Беда Пушкина в том, что в конкретном тексте «Героя» луч, идущий от «Элегии» и «Бессонницы», пересекся с лучом «имперской тьмы», идущим от Наполеона (в чумном госпитале) и от Николая (в холерной Москве), и в итоге возникли жуткие формулы проклятия «свету правды» и вознесения «возвышающего обмана» над «истинами» в применении к исторической действительности, что дало глубоко печальные результаты сразу после Болдина…

Но глубинный ток идет от «Бессонницы» даже не к «Герою», а, сливаясь с темами «Элегии» и «Заклинания», — к чуду трех «маленьких трагедий» («Скупого рыцаря» я из рассмотрения исключаю).

Две первые («Моцарт и Сальери» и «Каменный гость») были задуманы Пушкиным еще в 1826 году, и в списке задуманных им пьес (около 1827 года) следуют в том же порядке, как были написаны. Третьей за ними в списке идет «Иисус». В Болдино третьей пьесой становится «Пир во время чумы».

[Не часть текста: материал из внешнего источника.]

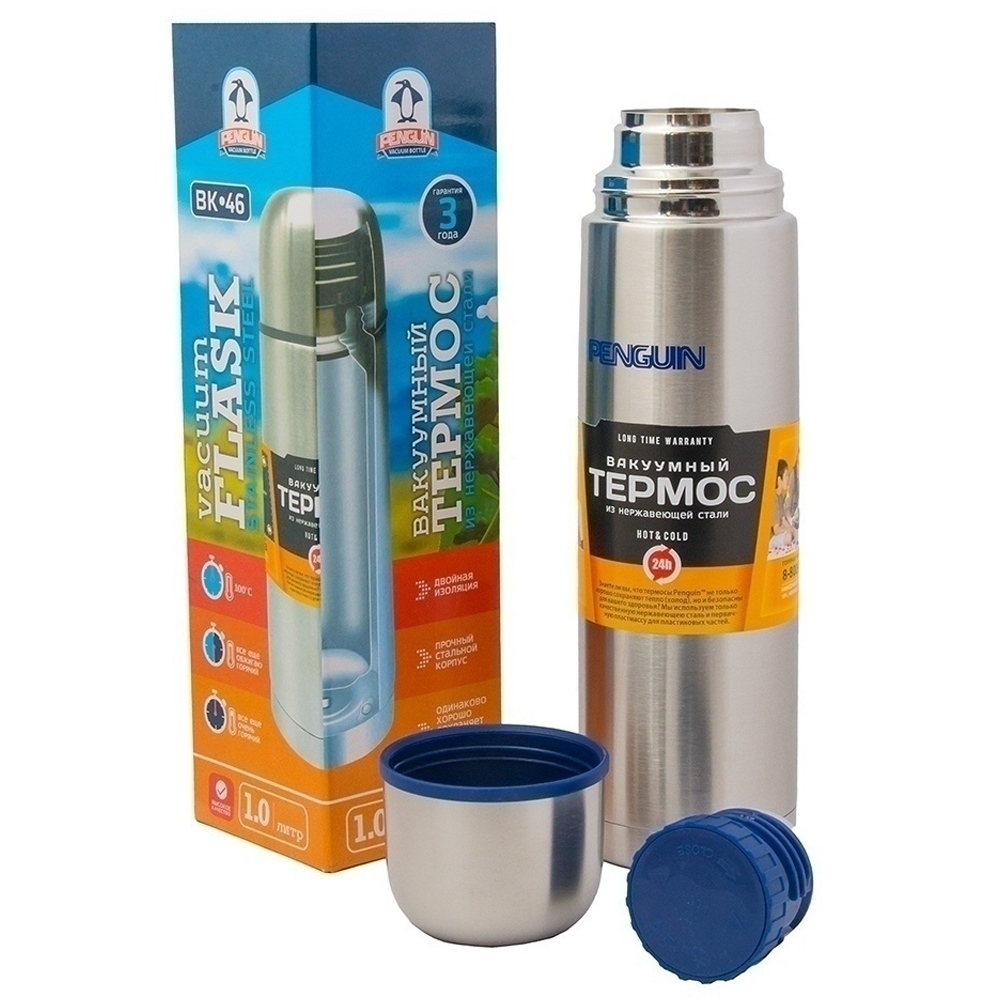 Термос Пингвин BK-46 из нержавеющей стали с глухой пробкой лишит вас некоторого удобства, предоставляемого пробкой с кнопкой, но зато можно получить дополнительные 1-2 градуса за счет снижения теплопотерь через пробку и не нужно беспокоиться о качестве пробки, т. к. глухая пробка абсолютно надежная. В ней по просто нечему ломаться. Объем термоса в 1.0 литр обеспечит длительное сохранение тепла. Термос имеет отличные температурные характеристики. Температура через 24 часа не менее 55-60 С, это один самых высоких показателей на рынке. Такие высокие температурные данные обеспечиваются современными технологиями создания глубокого вакуума, нанесением специального отражающего покрытий Cu-Ni на внутреннюю сторону колбы. Термос изготовлен из первоклассной нержавеющей стали. Все пластмассовые части сделаны из первичной пластмассы, не имеющей истории переработки. Всё это обеспечивает высокий уровень экологической чистоты изделия. Не зря ТМ Penguin имеет несколько специальных наград за высокий уровень экологической безопасности выпускаемой продукции.
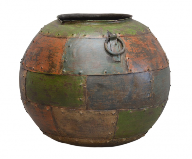 Plechová kulatá nádoba, kterou si například můžete umístit ke vstupním dveřím a ozdobit si vstup do svého domu.
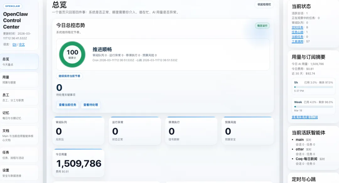 OpenClaw Control Center 解决了 AI 团队管理的"信息过载"问题。它不是简单地把原始数据搬到 UI 上,而是做了大量"翻译"工作:
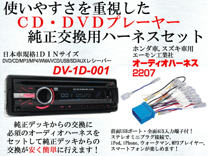 Dvdプレーヤー 1din ホンダ用 スズキ用 車載用cdデッキdvdデッキcdプレーヤーdvd プレイヤーcprmスマートフォン対応ipod対応usbauxsdドレスアップ内装パーツカー用品車載カーオーディオ27ハーネス付 カーオーディオ
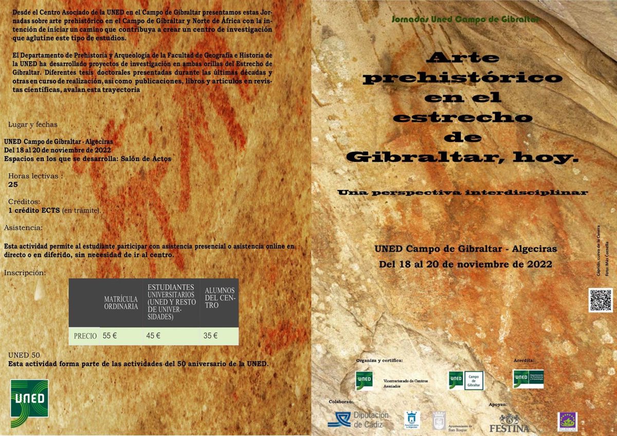 El Centro Asociado a la UNED en el Campo de Gibraltar, en Algeciras (Cádiz), inicia entre el 18 y el 20 de noviembre su ciclo anual de seminarios con la jornada 'Arte prehistórico en el Estrecho de Gibraltar, hoy'. Este ciclo tiene como fin facilitar una formación integral y avanzar en la investigación de asuntos de interés en la comarca.

Образ смерти как «казни», осуществляемой по приговору «тайной судьбы» (как уже отмечалось), с особой силой возникает у Пушкина в стихах на начало тридцатого года жизни. Уже тридцати лет Пушкин создает «Брожу ли я вдоль улиц шумных…», первоначально начинавшееся более обнаженно и печально:

Кружусь ли я в толпе мятежной,

Вкушаю ль сладостный покой,

Но мысль о смерти неизбежной

Везде близка, всегда со мной.

Узловой темой жизни для зрелого Пушкина стала смерть. Сливаясь с темой судьбы, она ужасала его, но одновременно и обостряла чувство чуда жизни. Пушкин, по собственным признаниям, постоянно жил перед лицом смерти. Отмечу еще, что в стихах Болдинской осени поэт явственно представляет посмертие своей возлюбленной и своих героинь (Дженни и Матильды в «Пире…»), — но образ собственного посмертия и посмертия близкого ему героя (Вальсингама) — смутен и почти неуловим. Мысль же о предсуществовании вообще была чужда Пушкину. Судя по всему, полнота жизненной воплощенности Пушкина, его «всежизненность», его равенство жизни, способность отозваться творчеством на все ее проявления — заслоняли от него собственное посмертие и тем более бессмертие души, затрудняли возможность представить их осязаемо. В то же время в Болдине он потрясенно услышал «вечности бессмертный трепет». Жизнь он постоянно соотносил с Высшим Началом, чаще принимавшим грозный облик Рока, которому иногда неявно противостояло «Святое Провиденье» (впервые осознанно названное применительно к светлой личности Пущина в 1826 году, а применительно к себе — в 1835-м). И местом встречи с этим миром Высших Реальностей (при отсутствии ощутимого образа посмертия и бессмертия своей души) — была смерть, с которой Пушкин был накоротке и которую представлял во всех подробностях и вариантах.

И вот, после полутора месяцев пребывания в Болдине, Пушкин созревает для главного свершения — за две недели создает четыре «маленькие трагедии», где перед лицом смерти выявляется соотношение разных типов и возможностей человеческой личности с Высшими Реальностями.

Рассмотрим три из них (в порядке их создания) как проигрывание названной темы в отношении к трем различным пластам личности самого Пушкина.